When you reach the line that contains "Обкладинка першого тому", give it back exactly along with each line after it to the end of the entries; skip any pictures.

━━━━━ Data provided

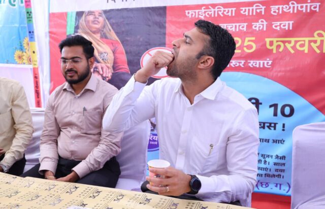 रायगढ़ : राष्ट्रीय फाइलेरिया उन्मूलन कार्यक्रम के तहत कलेक्टर श्री मयंक चतुर्वेदी ने शासकीय हाईस्कूल रामभांठा में आयोजित जिला स्तरीय कार्यक्रम में स्वयं फाइलेरिया रोधी दवा का सेवन कर अभियान का शुभारंभ किया और नागरिकों से सहभागिता की अपील की। मौके पर जिला पंचायत के मुख्य कार्यपालन अधिकारी श्री अभिजीत बबन पठारे ने भी दवा का सेवन किया।कलेक्टर श्री चतुर्वेदी ने कहा कि फाइलेरिया से बचाव के उपाय अत्यंत सरल और प्रभावी हैं। उन्होंने कहा कि स्वास्थ्य विभाग द्वारा दी जा रही मानक खुराक का नियमित सेवन करने से इस बीमारी से आजीवन बचाव संभव है। उन्होंने आमजन को आश्वस्त किया कि दवाइयां पूरी तरह सुरक्षित हैं, अतः किसी भी प्रकार के संकोच या अफवाह में न आएं। उन्होंने बताया कि अभियान के प्रथम चरण में शासकीय संस्थानों और शैक्षणिक परिसरों में दवा सेवन कराया जाएगा, जिसके बाद स्वास्थ्यकर्मी घर-घर जाकर अपनी निगरानी में दवा खिलाएंगे।
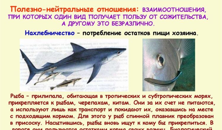 Акула и рыба прилипала: тип взаимоотношений и рацион питания
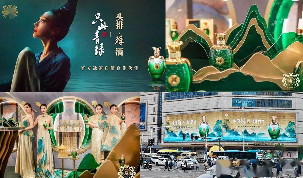 甚为遗憾的是头排苏酒绑定了「只此青绿」,没有深度的挖掘为一种「绿色&中国式优雅浪漫」的新生活观念,仅仅以视觉和活动视觉出街。
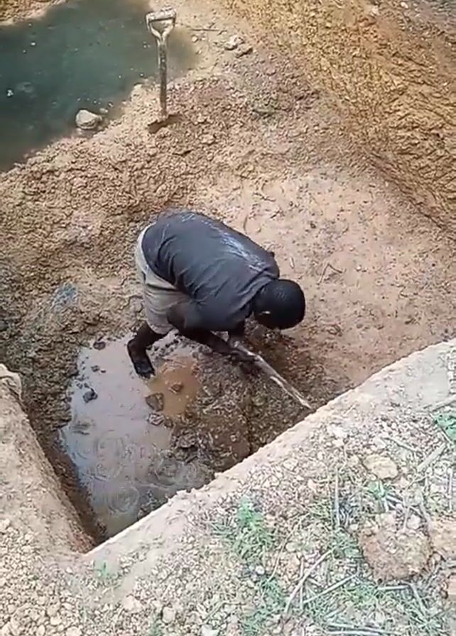 A man is inside a square pit, using a tool, seemingly a hoe, to move mud and water. The pit is partially filled with murky water. The man is wearing a dark shirt and light-colored shorts. A shovel stands upright nearby on drier ground. The pit is in a dirt area with sparse vegetation.
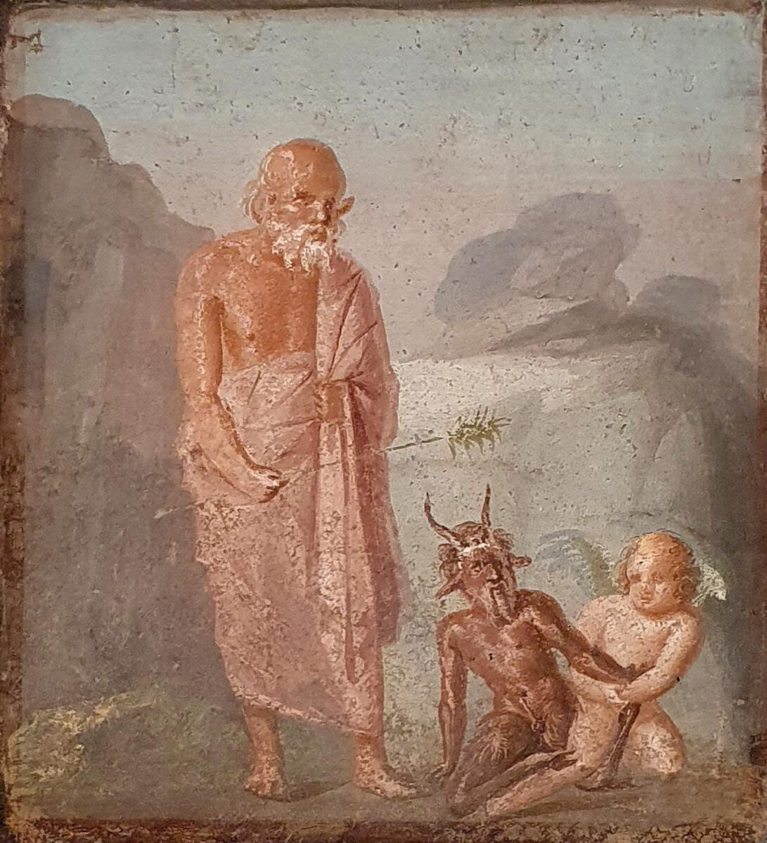 Πομπηία. Οικία Μελέαγρου. Πάνας και Έρως με την εποπτεία Παποσειληνού, ντυμένου αρχαιοπρεπώς (1ος αι. μ.Χ.).
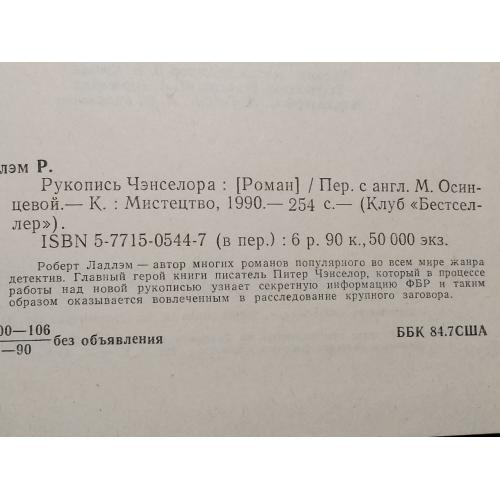 Ладлэм. Рукопись Чэнселора. Издательство Мыстэцтво Киев 1990 год. Отличное состояние
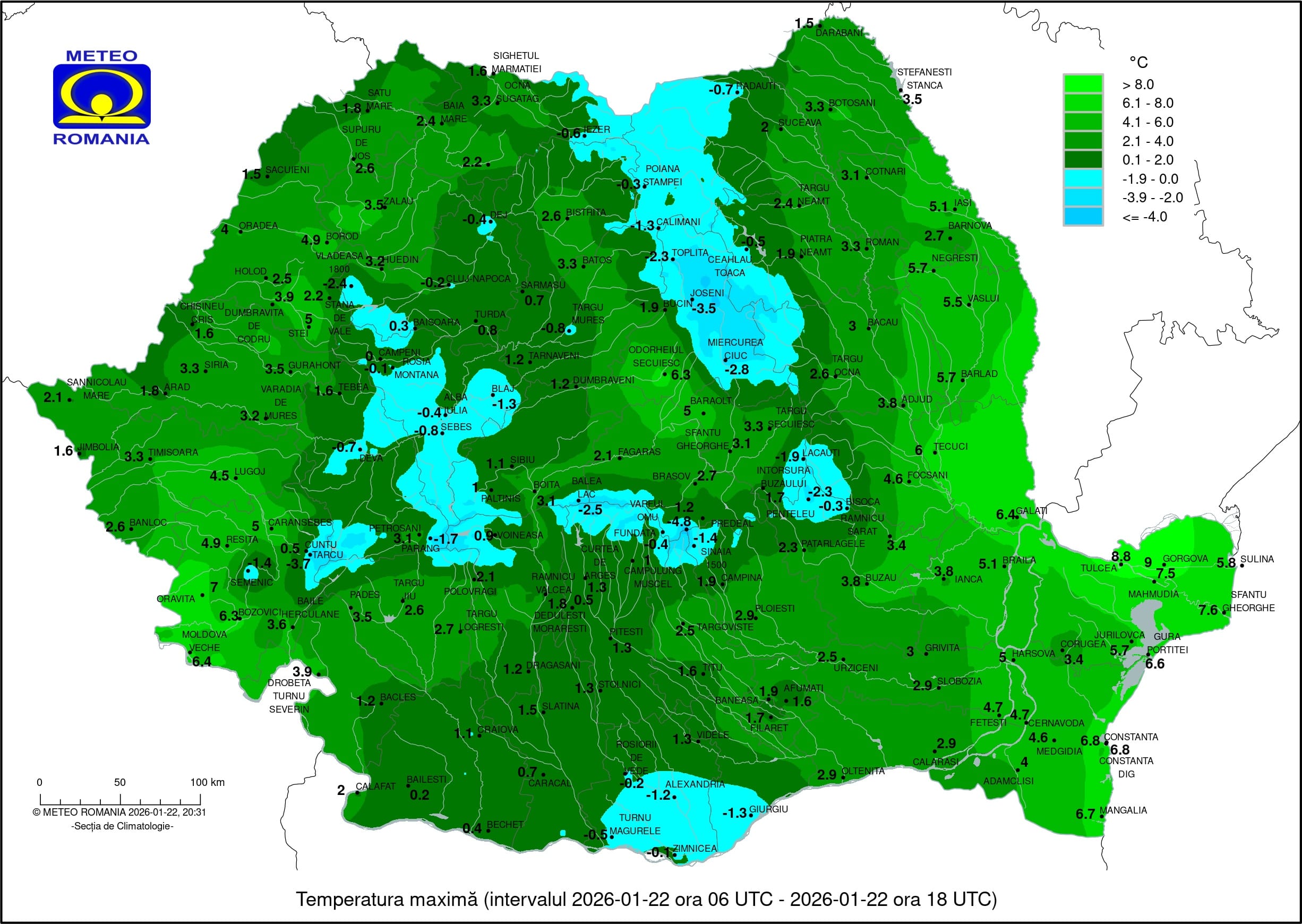 Atunci cand privim harta valorilor maxime, pare greu de crezut ca la inceputul acestei saptamani discutam de valori sub -20 de grade pe timpul noptii in anumite regiuni, iar acum discutam de valori de primavara in Dobrogea. Daca adaugam si efectul ploilor si al zapezilor care topeste, tabloul e complet.
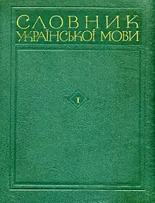 ![]() Обкладинка першого тому «Словника української мови» | |
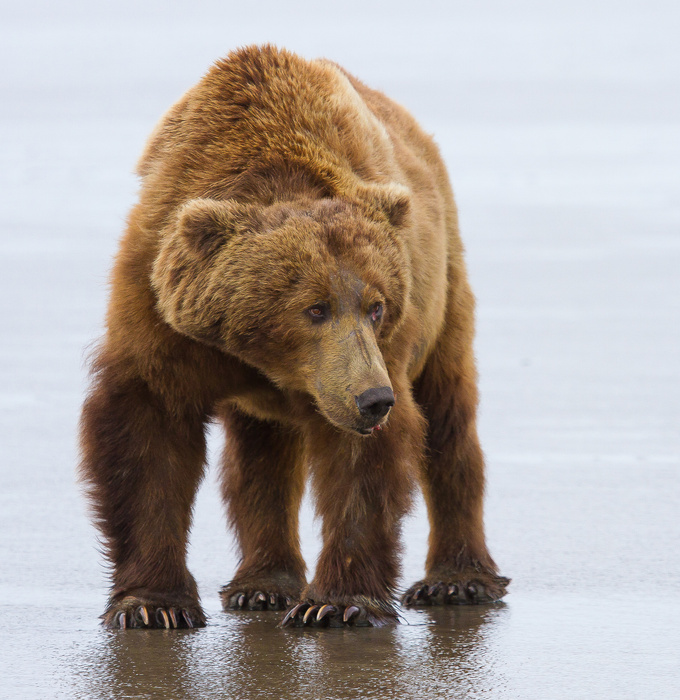 This scarred, adult male brown bear was following his female partner waiting to mate - she was clamming and he was bored! Walking with Bears at Silver Salmon Creek, Lake Clark National Park, Alaska in the summer (July) of 2012.

━━━━━━━━━━

● **Solution to this exercise**
 ![]() Обкладинка першого тому «Словника української мови» | |
 This scarred, adult male brown bear was following his female partner waiting to mate - she was clamming and he was bored! Walking with Bears at Silver Salmon Creek, Lake Clark National Park, Alaska in the summer (July) of 2012.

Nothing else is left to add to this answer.